Newer metrics include token-weighted precision. File precision answers "how many selected files were later changed"; token precision answers "how many selected tokens were spent on files later changed." Context precision also credits obvious read-only support context, such as paired tests beside changed source files. stats breaks token precision down by inclusion mode (full, symbols, summary) so summary noise is visible. In monorepos, it also reports selected-file distribution by workspace when workspace metadata exists.

`agentpack dashboard`

Serve a local context-decision cockpit from existing .agentpack/ artifacts.

agentpack dashboard
agentpack dashboard --open
agentpack dashboard --port 8766
agentpack dashboard --json

The dashboard serves at http://127.0.0.1:8765/ by default. It no longer writes or supports static dashboard HTML; run agentpack dashboard and keep the local server process alive while using the cockpit. If port 8765 is occupied, use --port.

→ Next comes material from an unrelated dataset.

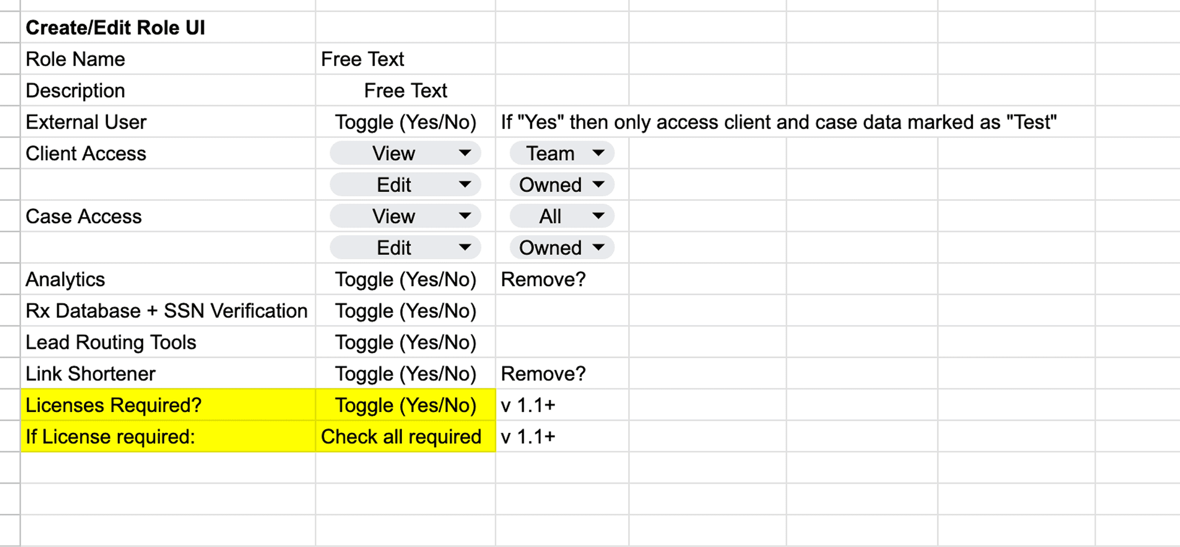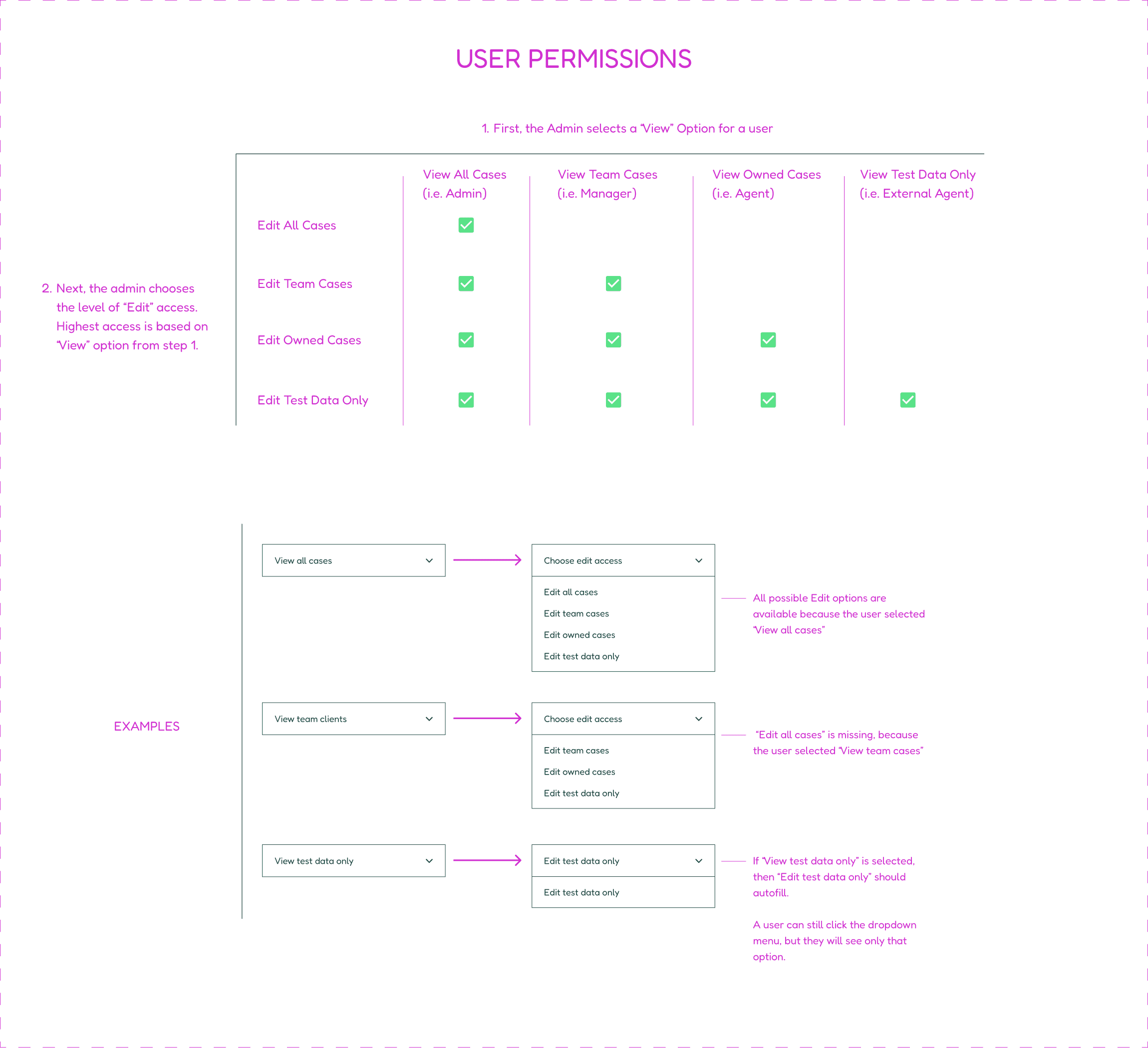 Example: In this project, the rule set around “User Permissions” required a detailed set of instructions.

The cockpit is local-only and does not load remote scripts or assets. It uses a loopback-only Python server for the dashboard data API and PTY-backed terminal sessions. Missing artifacts render empty states with suggested commands such as agentpack pack --task auto, agentpack learn, and agentpack benchmark --init. It shows selected and omitted context, task-map risk, tests, memory influence, observer signals from .agentpack/observer-events.jsonl, MCP health, and loop/action state.

The current workspace is backed by /api/dashboard/v2. It provides a typed workspace envelope, Tree-sitter impact inspection, agent-session continuity, and action inspection before execution. The Explain/Build preference is stored in the browser as agentpack.dashboard.presentation_mode; v1 routes remain available for existing integrations. See docs/dashboard-v2.md for request and response examples.

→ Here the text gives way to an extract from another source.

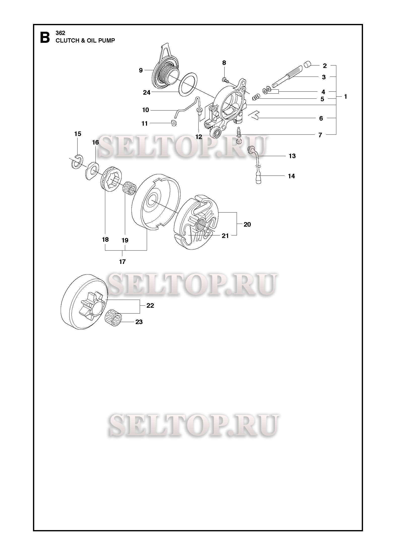 Сцепление, масляный насос для бензопилы Husqvarna 362 (с 2017-10)
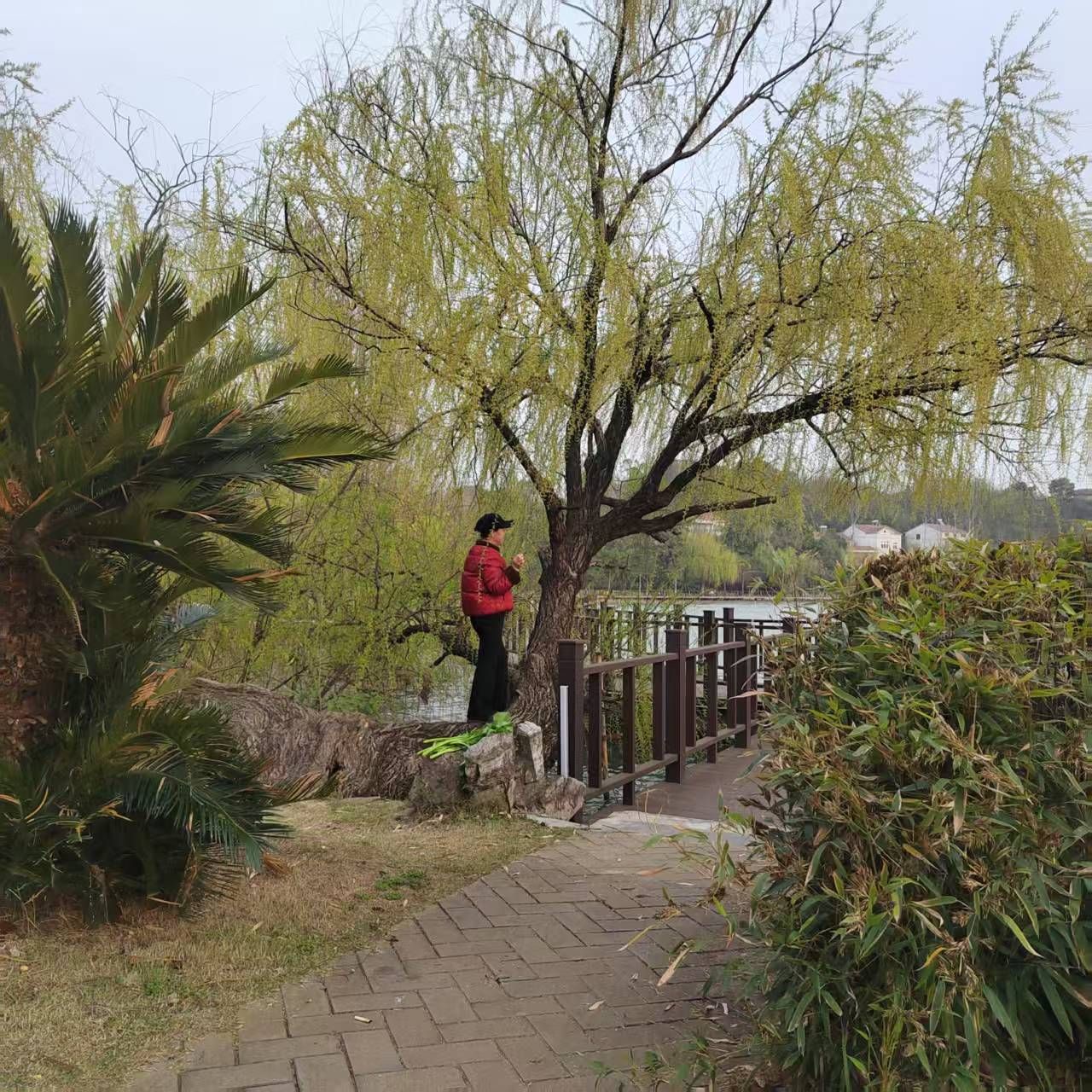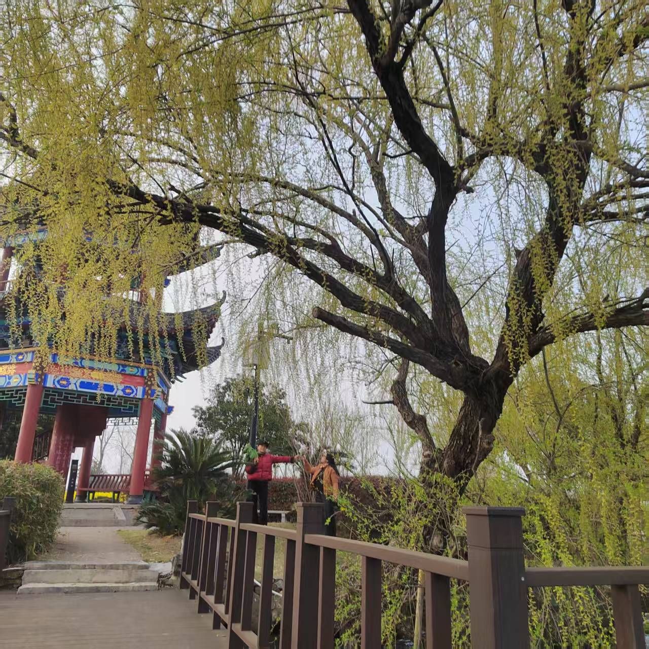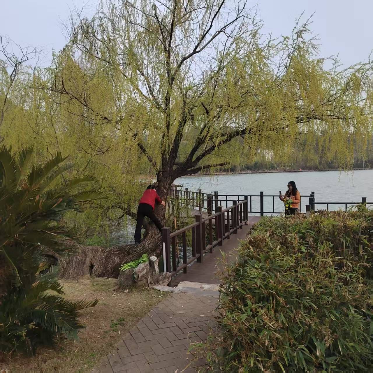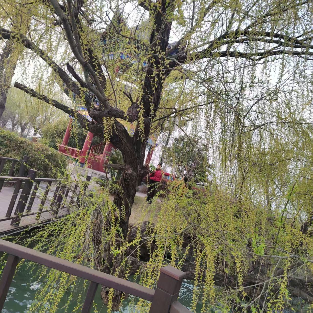 漫步北湖公园,柳丝垂落,新芽初绽,嫩的透亮,风一吹便轻轻摇曵满是生机与意

Command rows in the cockpit run through the local PTY runner instead of asking you to copy/paste. The server only allows AgentPack-related commands, runs them from the project folder, rejects shell operators, and requires confirmation for risky commands such as agentpack repair, agentpack init, or commands using flags like --fix, --force, or --repair-stale.

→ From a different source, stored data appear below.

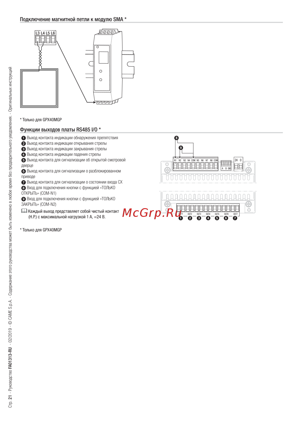Came GPX40MGP — инструкция по подключению магнитной петли к модулю управления [21/40]
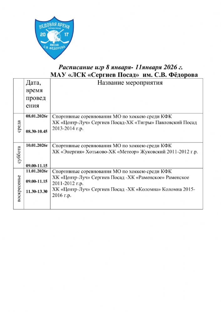 расписание игр 08 января-11 января 2026 г.
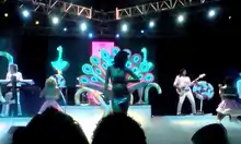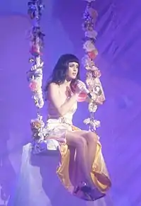 While promoting the album, Perry expressed she wanted her upcoming tour to be very visual. On her Twitter account, she stated, "I hope that it's going to engage all of your senses: sight, sound, smell, taste, touch".[87] The California Dreams Tour was officially announced in October 2010 by various media outlets including Perry's official website, in conjunction with the release of her third single, "Firework". In 2011, Perry announced her North American leg during a live chat on social network Facebook. She then responded the tour will be very "super girl power" as vocalists Robyn, Yelle and Marina and the Diamonds will open her shows during the various legs. Perry further stated she will actively participate with fans during the tour on various social networks including Facebook and Twitter.[88] The tour beginning February 20, 2011 on Lisbon, Portugal and the end January 22, 2012 on Pasay, Philippines, the tour visited Europe, Oceania, Asia and the Americas.[89] The tour ranked 16th in Pollstar's "2011 Top 25 Worldwide Tours", earning over $59.5 million.[90] At the conclusion of 2011, the tour ranked 13th on Billboard's annual "Top 25 Tours", earning nearly $50 million with 98 shows.[91] It won an award for Favorite Tour Headliner at the 38th People's Choice Awards.[92] On November 24, 2011, Perry had tweeted that there will be a concert DVD released for the tour.[93]
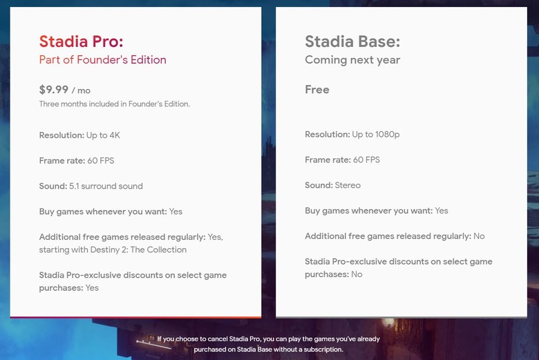 Beginning sometime in 2020, you'll also be able to sign up for Stadia Base, which caps resolution at 1080p but doesn't cost anything monthly – in other words, you'll buy the games you want to play and then you'll be able to stream them through Stadia at no additional cost.
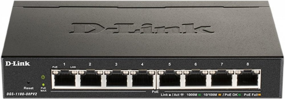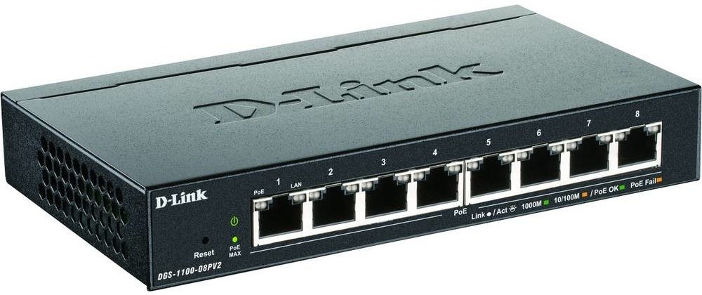 D-Link DGS-1100-08PV2 je 8-portový Gigabit Smart řízený PoE přepínač v kompaktním kovovém provedení bez ventilátorů, pro položení na stůl, na poličku nebo montáž na zeď. Všech 8 portů 10/100/1000M RJ-45 podporuje PoE+ napájení dle 802.3af / 802.3at (max. 30W na port). Celkový PoE výkon přepínače je 64W. Switch nabízí základní sadu L2 funkcí (např. VLAN, QoS, IGMP Snooping, agregace linek) s možností správy z webového rozhraní, pomocí SNMP příkazů nebo nástroje D-Link Network Assistant (DNA). Switch je určený především pro kanceláře (SOHO), malé a střední podniky (SMB) a kamerové systémy (CCTV).
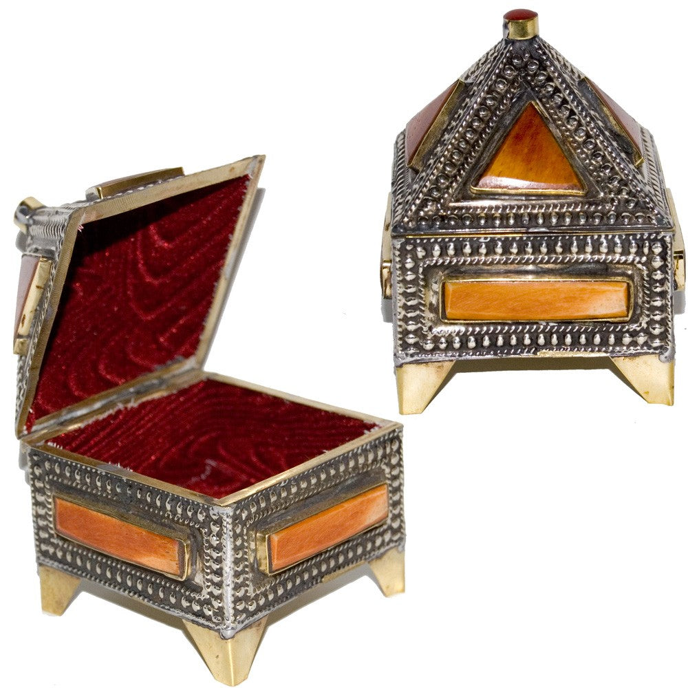 Cajita de alpaca y hueso naranja. Forrada interiormente con terciopelo. Muy bonita y bien acabada. Medidas: 7 x 7 x 9,5 cm.

--json prints the normalized dashboard snapshot to stdout instead of starting the server. Use it when you want to inspect the underlying project, context, selected files, skill feedback, learning artifacts, observer signals, benchmark metrics, and suggested actions programmatically. Observer cards are hypotheses from local history, not source evidence.

To build a real usefulness signal for your repo:

agentpack benchmark --sample-fixtures

agentpack benchmark --init
# edit .agentpack/benchmark.toml with real tasks + files you actually changed
agentpack benchmark --compare --misses --prove-targets

--sample-fixtures runs bundled FastAPI, Next.js, mixed Python/TypeScript, Django REST-style, Go service, and Rails-style fixture evals from an AgentPack source checkout. It is a smoke test, not a claim about your repo.

For an 8+ usefulness signal, use benchmark.toml with real third-party or customer-style repos: 5-20 historical tasks, task_type labels, the files actually changed for each task, and --compare results for recall, F1, rank@K, and token noise. That is better than trusting generic benchmarks because it tells you whether AgentPack selects the files that matter in code the package has never seen.

See benchmarks/README.md for the public smoke-suite fixtures, quality gates, and the recommended miss-debugging workflow.

`agentpack diagnose-selection`

Combine latest pack stats, largest token consumers, why-selected reasons, why-not-selected omission buckets, pack diagnostics, and recent benchmark misses into concrete selection tuning advice.

agentpack diagnose-selection
agentpack diagnose-selection --json
agentpack diagnose-selection --write

--write saves .agentpack/selection_diagnosis.md. The output points to specific actions such as rewrite the task, explain a file, inspect omission buckets, ignore generated paths, reduce mode, or add a benchmark case.

`agentpack tune`

Turn noisy stats and benchmark --misses output into next actions.

agentpack tune
agentpack tune --write
agentpack tune --no-benchmark

tune reads .agentpack/metrics.jsonl and, when present, .agentpack/benchmark_results.jsonl. It flags low token precision, zero-value summaries, repeated noisy paths, support-context gaps, and benchmark miss patterns. --write saves the same guidance to .agentpack/tuning.md.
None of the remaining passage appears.